Também se especula que, nas negociações secretas entre Trump e Netanyahu, a portas fechadas, Trump pode ter se oferecido para fazer um acordo com Netanyahu. Este último precisa de uma guerra para permanecer no poder, mas não precisa ser a guerra de Gaza. Ele pode ter trocado o fim da guerra de Gaza por um ataque conjunto dos EUA e de Israel contra o Irã – uma guerra que atrairia o apoio dos sionistas liberais.

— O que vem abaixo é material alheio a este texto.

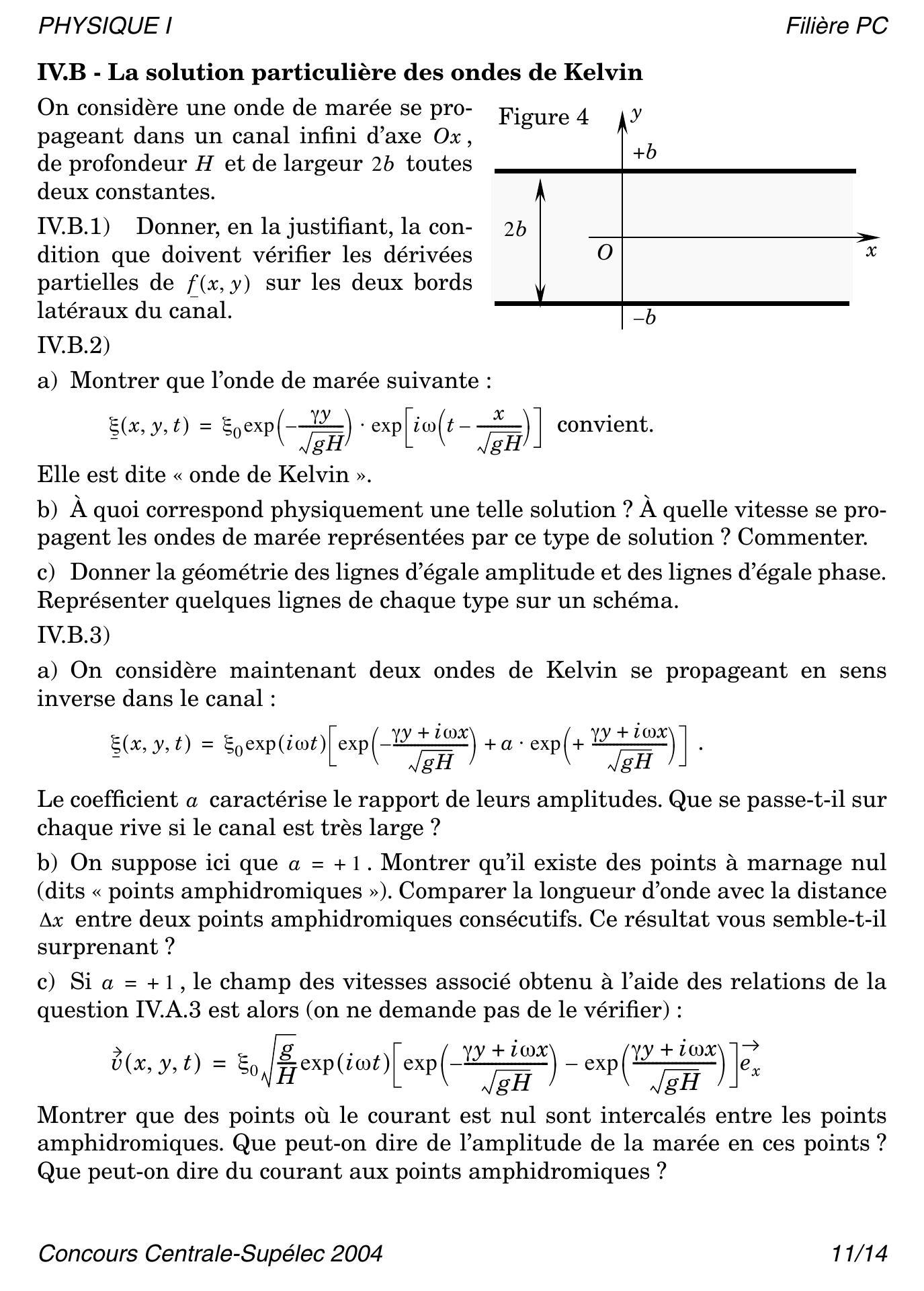 IV.A.3) Compte tenu des hypothèses faites, on cherche une onde de marée de la forme :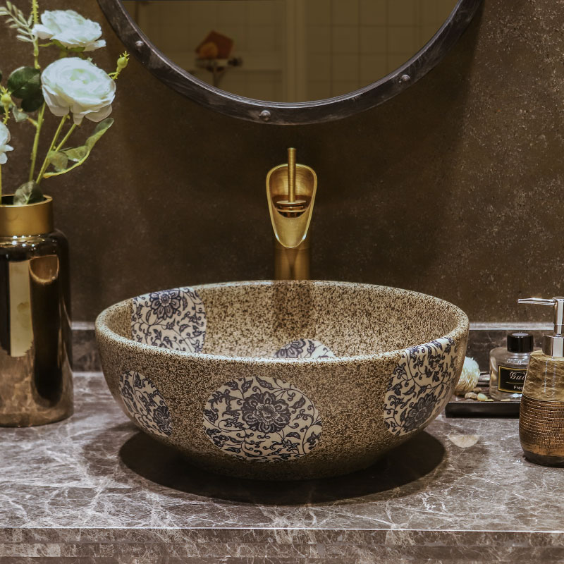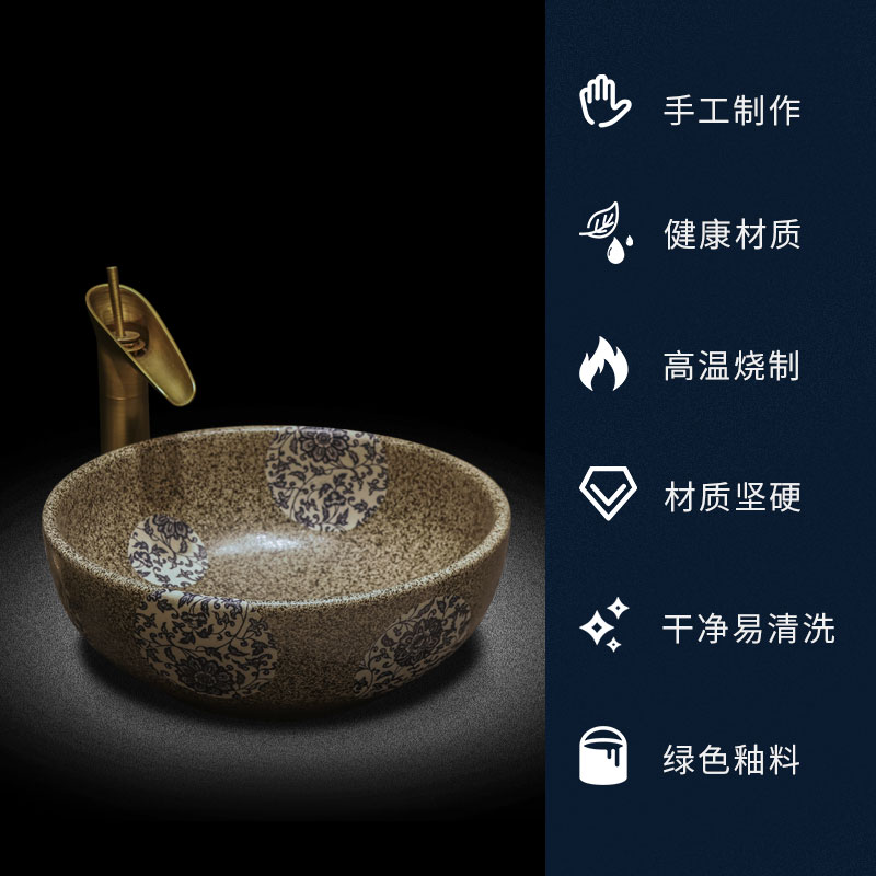 Edge painting retro art table basin ceramic antique Chinese washbasin bathroom balcony washbasin round single basin

É evidente que isso teria, potencialmente, um impacto exponencialmente mais desestabilizador na região. A última guerra com o Irã expôs a fragilidade das defesas aéreas israelenses, que não poderiam sustentar um conflito prolongado. E, em um novo conflito, Rússia e China não poderiam deixar seu aliado regional lutar sozinho. O impacto nos preços mundiais da energia e em toda a economia mundial seria enormemente desestabilizador, num momento em que o mundo inteiro caminha para uma nova recessão.

Enquanto isso, o genocídio continua. Gaza morre de fome. Mesmo com as negociações em andamento, Gaza continua sendo bombardeada. A Cidade de Gaza foi cercada por Israel. Através do terror, de bombardeios incessantes e do cerco, 800.000 pessoas foram forçadas a fugir em busca de "segurança". As 250.000 que restam – aquelas muito velhas, doentes ou famintas para escapar – foram catalogadas como "terroristas".

E o que é essa "segurança"? Dois milhões de humanos estão sendo amontoados em um deserto com menos de 45 quilômetros quadrados, uma cidade de tendas sem hospitais, escolas, água ou eletricidade. Lá, eles morrem de fome ou lutam por ajuda nos "campos de extermínio" do GHF, enquanto Israel arrasa cidades; enquanto financia e arma criminosos para "dividir para reinar"; enquanto bombardeia ambulâncias, médicos e jornalistas. É uma armadilha sangrenta.

"Paz" ou não, o imperialismo não pode libertar a Palestina. Somente a derrubada do Estado sionista e de todos os seus apoiadores imperialistas pode pôr fim a este pesadelo.

Os trabalhadores italianos apontaram o caminho a seguir! Uma greve geral e um boicote dos trabalhadores colocariam esses regimes criminosos de joelhos.